## CHAPTER 11
---
# MODEL EVALUATION

---
- In this chapter we will examine strategies for evaluating the quality of models created through our learning algorithms. 
- It might appear strange to discuss model evaluation before discussing how to create them, but there is a method to our madness. 
- Models are only as useful as the quality of their predictions, and thus fundamentally our goal is not to create models (which is easy) but to create high-quality models (which is hard). 
- Therefore, before we explore the myriad learning algorithms, we first set up how we can evaluate the models they produce.

## 11.1 Cross-Validating Models
*Problem:* we want to evaluate how well our model will work in the real world
*Solution:* we will create a pipeline that
- preprocesses the data, 
- trains the model, and then 
- evaluates it using cross-validation

In [1]:
# Load libraries
from sklearn import datasets
from sklearn import metrics
from sklearn.model_selection import KFold, cross_val_score
from sklearn.pipeline import make_pipeline
from sklearn.linear_model import LogisticRegression
from sklearn.preprocessing import StandardScaler

# load digits dataset
digits = datasets.load_digits()

# create features matrix
features = digits.data

# create target vector
target = digits.target

# create standardizer
standardizer = StandardScaler()

# create logitic regression object
logit = LogisticRegression()

# create a pipeline that standardizes, then runs logistic regression
pipeline = make_pipeline(standardizer, logit)

# create k-fold cross-validation
kf = KFold(n_splits=10, shuffle=True, random_state=1)

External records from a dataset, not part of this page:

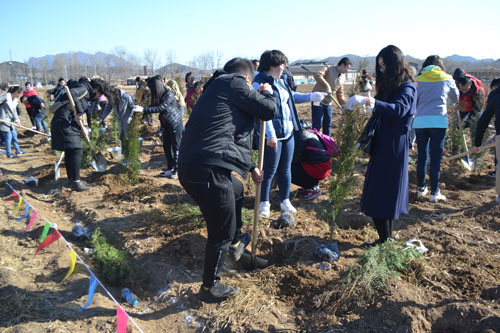 上午九點(diǎn)半,院團(tuán)委組織54名青年分乘兩輛車來到懷柔植樹基地,兩人一組,男女搭配,分工合作,男青年負(fù)責(zé)挖坑、擔(dān)水,女青年負(fù)責(zé)扶苗、培土,大家干的熱火朝天,每人都親手種植了一棵小樹,并在自己種植的小樹上,小心翼翼的掛上自己的標(biāo)牌,認(rèn)真地寫上自己的寄語。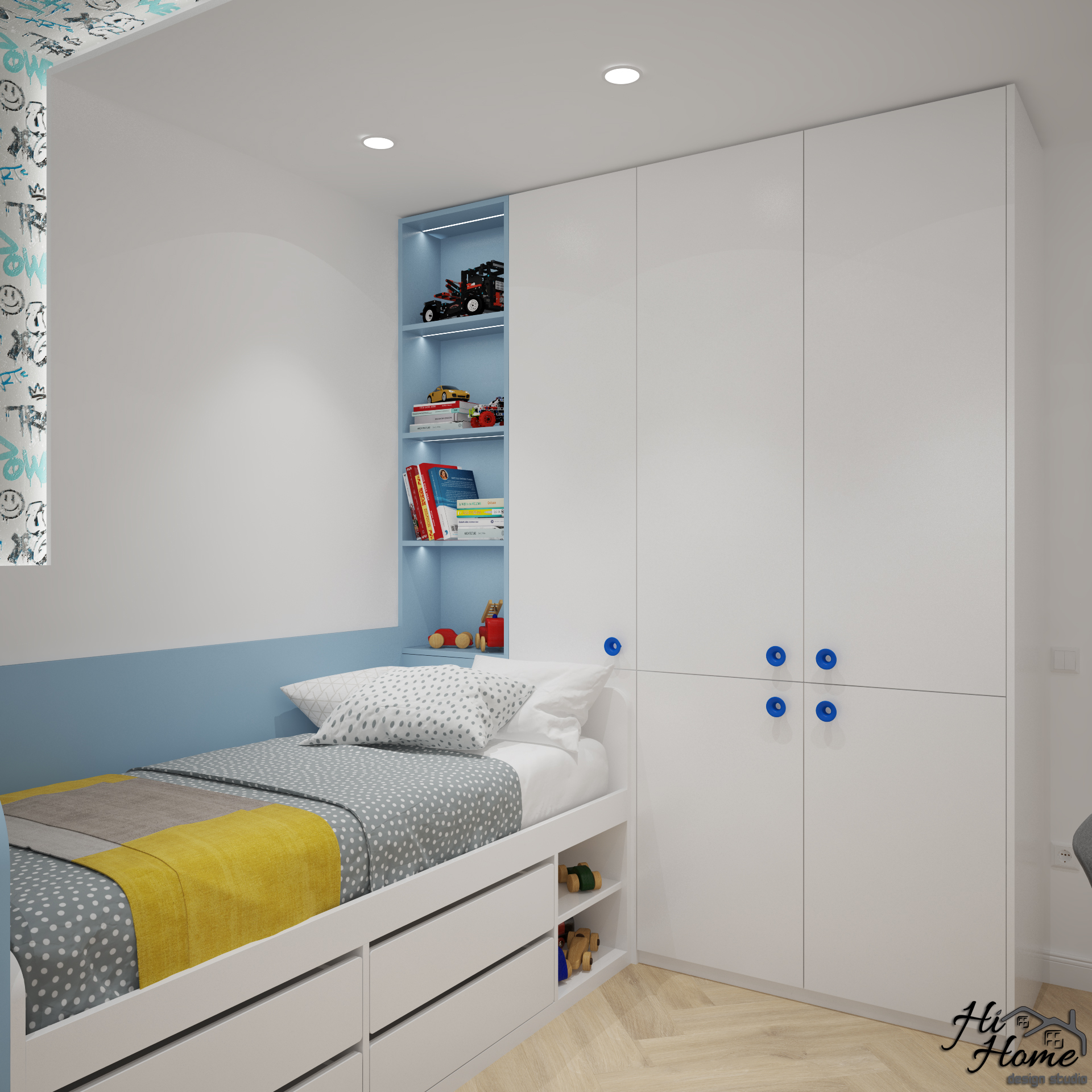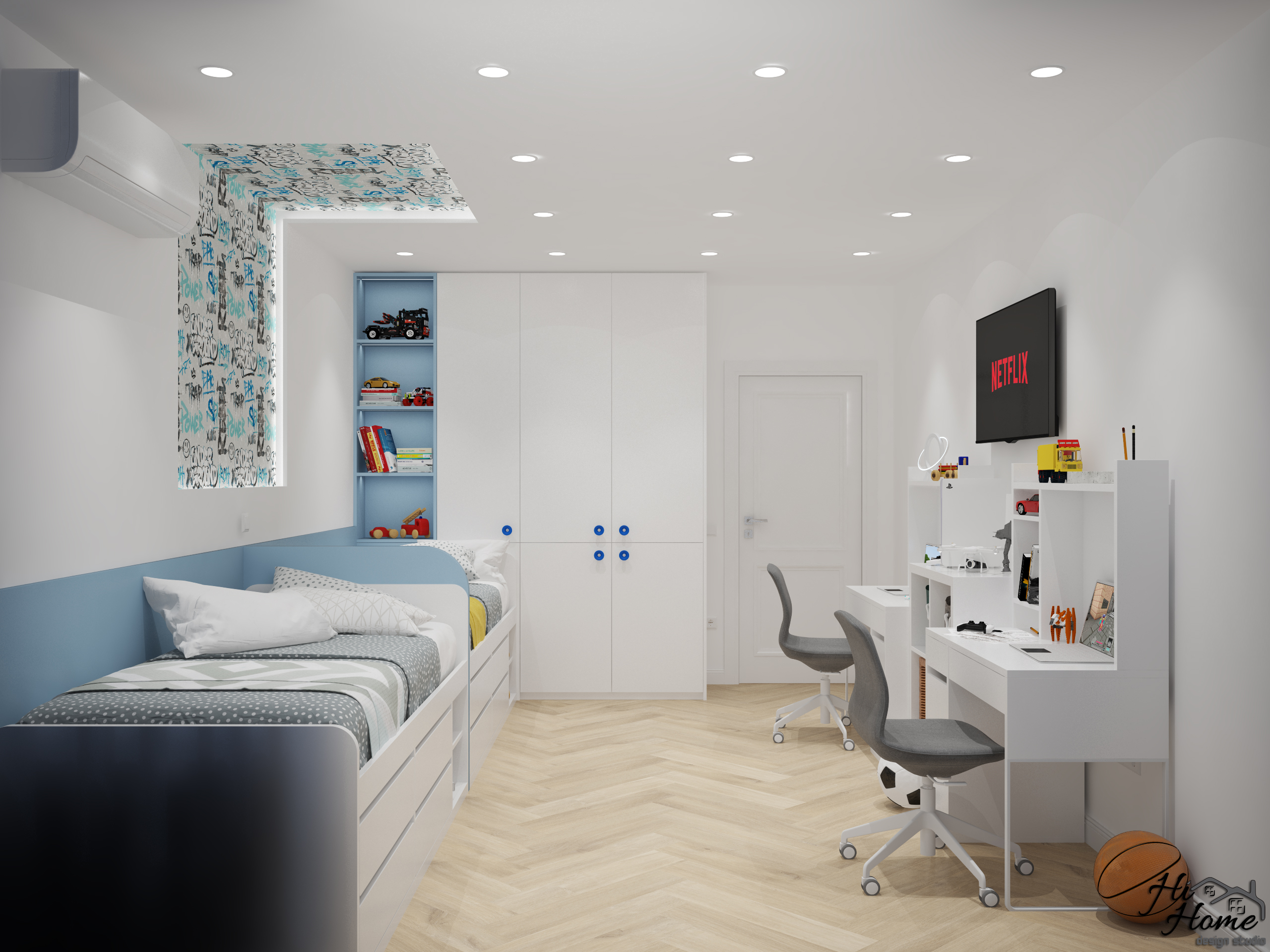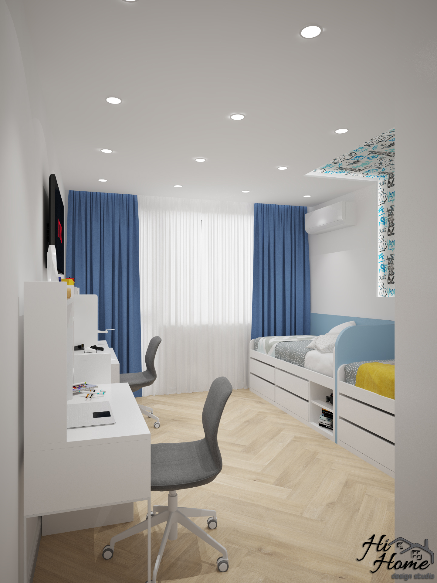 Тя е предназначена за две момчета. Отделили сме им зона за учене, както и пространство за игра. Леглата осигуряват допълнително място за съхранение.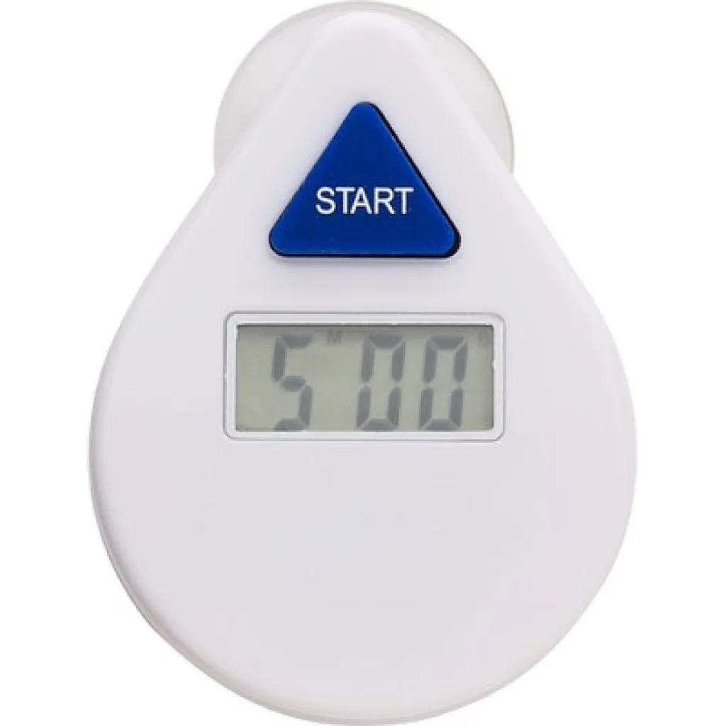 Digital shower coach with suction cup and button, controls shower time and helps save water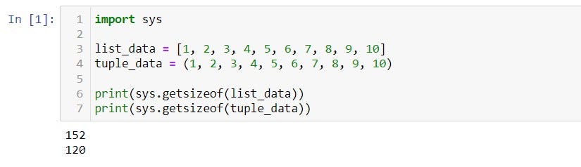 - A list consumes more memory, whereas a tuple consumes less.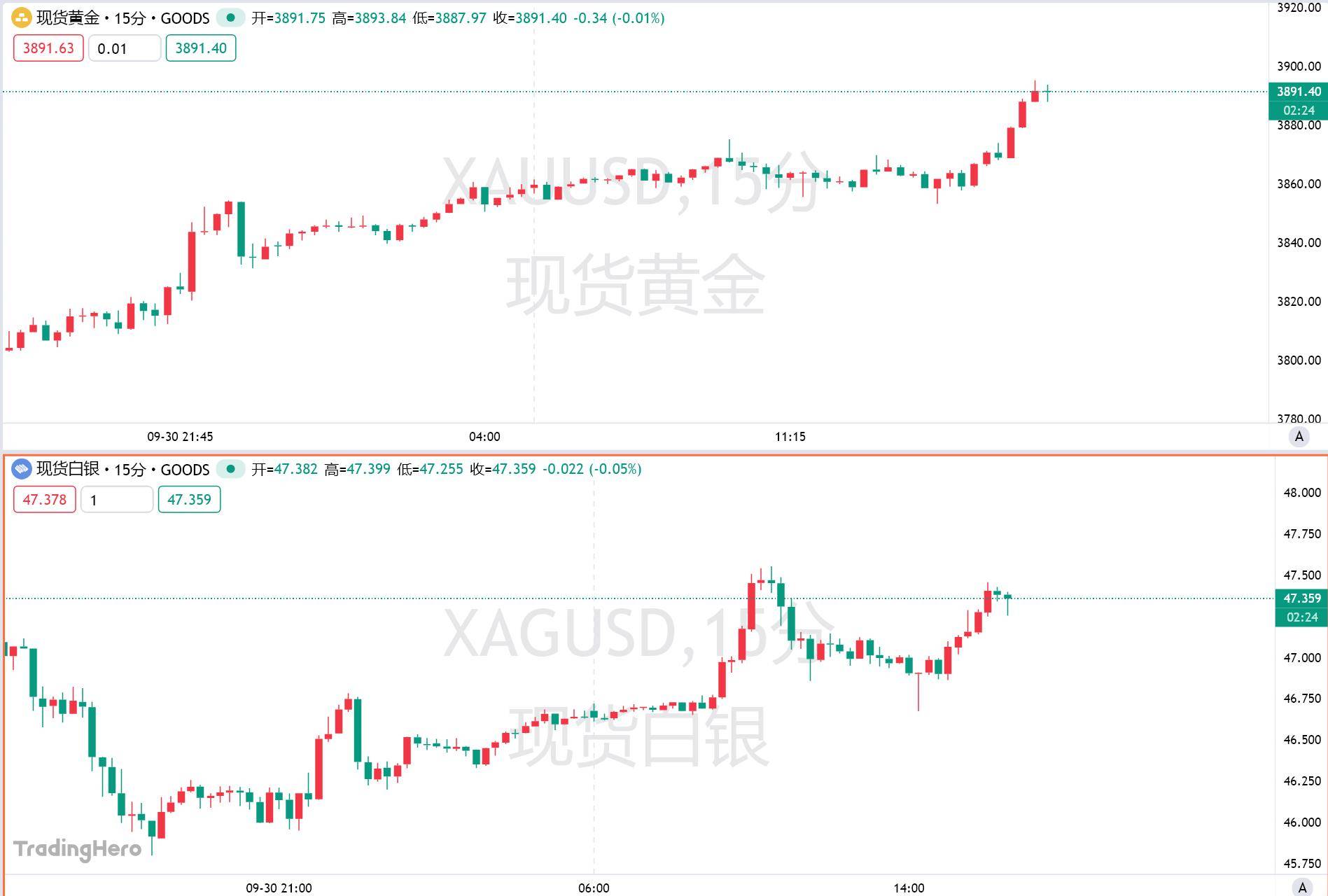现货黄金连续第五天上涨,一度站上每盎司3890美元。纽约期金早些时候已触及3900美元/盎司。与此同时,现货白银上涨逾1%,至每盎司47.5美元附近,距离历史高点不足5%。这种相对廉价的贵金属今年涨幅已超60%,其上涨一方面得益于推动金价上涨的部分宏观因素,另一方面也因多年供应短缺问题加剧导致市场持续紧张。

# conduct k-fold cross-validation
cv_results = cross_val_score(pipeline, # Pipeline
                             features, # feature matrix
                             target, # target vector
                             cv=kf, # cross-validation technique,
                             scoring="accuracy", # loss function
                             n_jobs=-1) # use all CPU cores

# calculate mean
cv_results.mean()

0.9693916821849783

### Discussion:
- Our goal is to evaluate how well our model does on data it has never seen before (e.g., a new customer, a new crime, a new image). 
- **The validation approach:**
    - split data into training set and test set
    - set the test set aside and pretend it's never been seen before
    - train the model on the training set and teach it how to make the best predictions
    - evaluate the model on the testing set and see how it does
- The two major weaknesses of the validation approach:
    - the performance of the model can be highly dependent on which few observations were selected for the test set. 
    - Second, the model is not being trained using all the available data, and not being evaluated on all the available data.
- **The k-fold cross-validation (KFCV) strategy:**
    - data is split into k parts, called *"folds"*
    - the model is trained using k-1 folds, combined as a training set
    - the last fold is used as a test set
    - this is repeated k times each time using a different fold as the test set. 
    - The performance on the model for each of the k iterations is then averaged to produce an overall measurement.